From silhoutte's score above we decided value of n_clusters as 3

In [None]:
k = 3
kmeans = KMeans(n_clusters=k)
kmeans.fit(wine_std)

In [None]:
labels = kmeans.labels_
wine_std["cluster"]=labels

In [None]:
for i in range(k):
    # select only data observations with cluster label == i
    ds = wine_std[wine_std["cluster"]==i].as_matrix()
    # plot the data observations
    plt.plot(ds[:,0],ds[:,1],'o')

plt.show()

We can decide number of cluster using SSW as well as mentioned in the theoretical discussion. SSW is named `inertia_` as kmeans function's attribute.

In [None]:
kmeans.inertia_

Lets look at inertia/SSW values for many Ks , see if our conclusions match with results obtained from silhoutte score.

In [None]:
Ks=np.linspace(2,15,14)

In [None]:
Ks

In [None]:
ssw=[]
for k in Ks:
    kmeans=KMeans(n_clusters=int(k))
    kmeans.fit(wine_std)
    ssw.append(kmeans.inertia_)
plt.plot(Ks,ssw)

You can see here the clear elbow point at k=3.

We can try hierarchical clustering as well, it gives most efficient clusters but at much more computational cost.
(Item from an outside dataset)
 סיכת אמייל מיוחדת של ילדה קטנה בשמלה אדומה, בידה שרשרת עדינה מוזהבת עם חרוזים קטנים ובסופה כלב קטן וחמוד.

Lets see if results from it are very different from K-means.

In [None]:
from sklearn.cluster import AgglomerativeClustering

In [None]:
for n_clusters in range(2,10):
    cluster_model = AgglomerativeClustering(n_clusters=n_clusters, affinity='euclidean',linkage='ward')
    cluster_labels = cluster_model.fit_predict(X)
    silhouette_avg = silhouette_score(X,cluster_labels,metric='euclidean')
    print("For n_clusters =", n_clusters, 
          "The average silhouette_score is:", silhouette_avg)


We have agreement on number of clusters. Lets see how the end results differ

In [None]:
s = 3
hclust = AgglomerativeClustering(n_clusters=s, affinity='euclidean',linkage='ward')
hclust.fit(wine_std)

In [None]:
labels = hclust.fit_predict(X)
wine_std["cluster"]=labels

In [None]:
for i in range(s):
    # select only data observations with cluster label == i
    hc = wine_std[wine_std["cluster"]==i].as_matrix()
    # plot the data observations
    plt.plot(hc[:,0],hc[:,1],'o')

plt.show()

We can see that kmeans did an excellent job and we did not really need to get into hierarchical clustering to get the best results.
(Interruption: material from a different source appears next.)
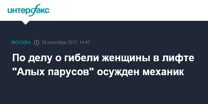 Москва. 18 сентября. INTERFAX.RU - Хорошевский суд Москвы признал виновным и приговорил к 3,5 года колонии общего режима электромеханика Андрея Белоусова по делу о гибели женщины из-за падения лифта в элитном жилом комплексе "Алые Паруса", сообщила "Интерфаксу" пресс-секретарь суда Елена Гуменная.

Next we look density based clustering algorithm dbscan. We will take a toy data to bring out clear difference between k-means and dbscan. This example demonstrate how k-means can no capture non-spherical groups in the data. We will be using make_moons function to make data which has two moon shaped very apparent groups. Lets see.

In [None]:
from sklearn.datasets import make_moons

mydata = make_moons(n_samples = 2000,noise=0.05)
print(mydata[0].shape)
mydata=pd.DataFrame(mydata[0],columns=["X","Y"])
mydata.head()

In [None]:
from ggplot import *

In [None]:
ggplot(mydata,aes(x='X',y='Y'))+geom_point()

We can ask k-means to make as many clusters and it will oblige as opposed to dbscan which finds on its own how many natural clusters are there in the data

In [None]:
kmeans=KMeans(n_clusters=2)
kmeans.fit(mydata)
mydata["cluster"]=kmeans.labels_
ggplot(mydata,aes(x='X',y='Y',color='cluster'))+geom_point()
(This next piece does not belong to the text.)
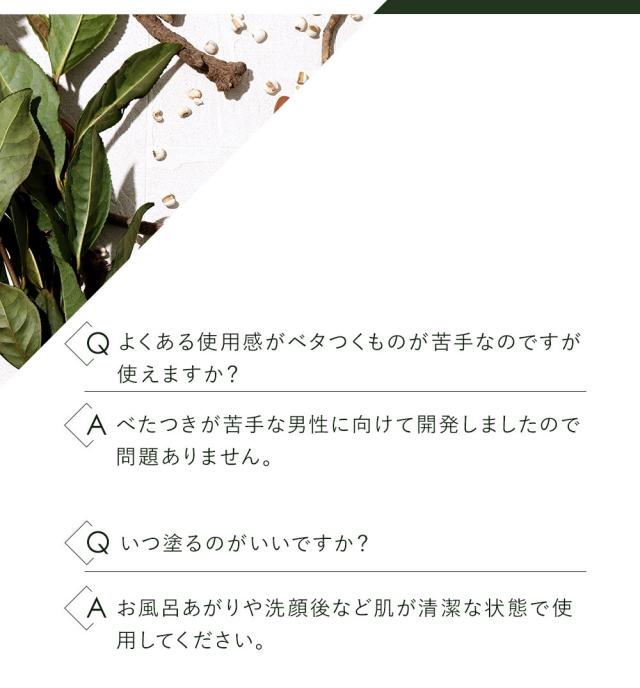 | 使用方法 | 1日1回〜2回、10円玉程度の量を清潔な肌に優しく馴染ませる |

As you can see , these are not the clusters that you expected . Lets ask k-mean to make 5 clusters and see what it does

In [None]:
kmeans=KMeans(n_clusters=5)
kmeans.fit(mydata)
mydata["cluster"]=kmeans.labels_
ggplot(mydata,aes(x='X',y='Y',color='cluster'))+geom_point()

You can force k-means to make as many groups in the data as you want, it wont bother about how many natural groups there are in the data. lets see how dbscan treats this.

In [None]:
from sklearn.cluster import DBSCAN
from sklearn import metrics


In [None]:
del mydata['cluster']

In [None]:
db = DBSCAN(eps=0.2, min_samples=10, metric='euclidean').fit(mydata)
mydata['cluster']=db.labels_
ggplot(mydata,aes(x='X',y='Y',color='cluster'))+geom_point()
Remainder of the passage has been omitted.